Ora non sei qui eppure ti sento accanto a me come non mai.

Un giorno Bo maturerà. Diventerà grande e responsabile. La smetterà di cacciarsi continuamente nei guai e comincerà ad usare anche la sua testa, non solo quella di Luke.

Luke ti succederà. Prenderà in mano le redini perché è qualcosa che ha nel sangue. Si occuperà della fattoria, dei campi, della sua famiglia proprio come hai sempre fatto tu.

Io rimarrò vicina ai miei cugini. Forse riuscirò a sposare quel principe azzurro che sogno da quando ero bambina. O forse no. Ma ti prometto che, anche se dovessi separarmi fisicamente da loro, non li abbandonerò mai.

Ma tutto questo succederà fra tanto tempo.

Non adesso.

Non è ancora il momento.

Osservo i nostri ragazzi, sono in cucina. Uno lava i piatti, l’altro li asciuga. Dovresti vederli. Hanno tutti e due un bisogno disperato di conforto eppure stanno in piedi come due idioti cercando di mostrarsi forti e decisi. Conoscono ognuno i pensieri dell’altro e, se il momento non fosse così drammatico, mi verrebbe quasi da ridere.

Bo vuole un abbraccio.

Luke non sa come chiederlo.

Io ne ho un bisogno feroce.

Lascio che i jeans di Bo mi scivolino dalle mani e mi avvicino a loro: “zio Jesse è forte. Si rimetterà. Ne sono certa.”

Mi guardano entrambi come se avessero visto un fantasma. Bo si schiarisce la voce e poi mi domanda: “come fai a dirlo, Daisy? Il dottore non ci ha dato molte speranze.”

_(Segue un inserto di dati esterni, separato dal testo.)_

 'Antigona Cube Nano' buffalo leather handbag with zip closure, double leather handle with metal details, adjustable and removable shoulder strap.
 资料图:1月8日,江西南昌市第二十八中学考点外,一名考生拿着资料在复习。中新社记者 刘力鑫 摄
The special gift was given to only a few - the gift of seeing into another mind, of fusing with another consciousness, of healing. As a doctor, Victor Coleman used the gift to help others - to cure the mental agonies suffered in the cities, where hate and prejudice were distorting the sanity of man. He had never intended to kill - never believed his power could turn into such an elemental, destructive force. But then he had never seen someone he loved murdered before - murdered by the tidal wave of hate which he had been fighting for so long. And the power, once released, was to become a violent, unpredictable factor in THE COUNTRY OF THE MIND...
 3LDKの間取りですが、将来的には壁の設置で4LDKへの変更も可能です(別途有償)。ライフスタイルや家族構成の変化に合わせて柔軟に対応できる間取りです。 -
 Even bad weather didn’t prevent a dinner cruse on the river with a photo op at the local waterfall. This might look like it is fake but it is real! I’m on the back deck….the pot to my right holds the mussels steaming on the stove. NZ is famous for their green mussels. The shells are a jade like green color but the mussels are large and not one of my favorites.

Il mio adorato Bo. Il viso di un angelo non può essere rigato di lacrime per questo mi affretto ad aggiungere: “lui lo sa che non siamo ancora pronti per camminare con le nostre gambe. Lui non ci abbandonerebbe mai così all’improvviso.”

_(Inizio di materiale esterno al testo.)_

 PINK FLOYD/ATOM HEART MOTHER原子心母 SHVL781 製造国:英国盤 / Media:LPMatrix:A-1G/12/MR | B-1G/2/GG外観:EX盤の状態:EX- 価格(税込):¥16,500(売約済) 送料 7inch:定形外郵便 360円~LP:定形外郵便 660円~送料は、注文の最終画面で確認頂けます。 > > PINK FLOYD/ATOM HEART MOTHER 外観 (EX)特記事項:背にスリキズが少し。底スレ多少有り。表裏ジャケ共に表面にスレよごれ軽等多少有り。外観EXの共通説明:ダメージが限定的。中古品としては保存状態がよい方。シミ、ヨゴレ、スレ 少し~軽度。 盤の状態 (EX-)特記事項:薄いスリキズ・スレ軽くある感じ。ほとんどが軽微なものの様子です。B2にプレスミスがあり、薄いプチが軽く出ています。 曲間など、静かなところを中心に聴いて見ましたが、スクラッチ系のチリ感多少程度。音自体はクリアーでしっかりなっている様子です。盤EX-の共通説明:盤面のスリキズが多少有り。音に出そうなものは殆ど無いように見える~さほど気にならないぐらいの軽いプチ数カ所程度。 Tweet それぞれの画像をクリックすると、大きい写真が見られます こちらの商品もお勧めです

Luke mi guarda e mi sorride. Ha il potere di irradiare serenità quando sorride. Lo stesso potere che hai tu, zio Jesse.

Allarga le braccia. Non aspetto che me lo chieda. Accolgo il suo invito e mi avvinghio a lui. Mi volto e mi accorgo che Bo mi ha imitata. Desideravamo tutti e tre questo abbraccio, non ci staccheremo tanto facilmente.

Attingiamo forza gli uni dagli altri.

Questa è la nostra essenza.

Questo è ciò che tu ci hai insegnato.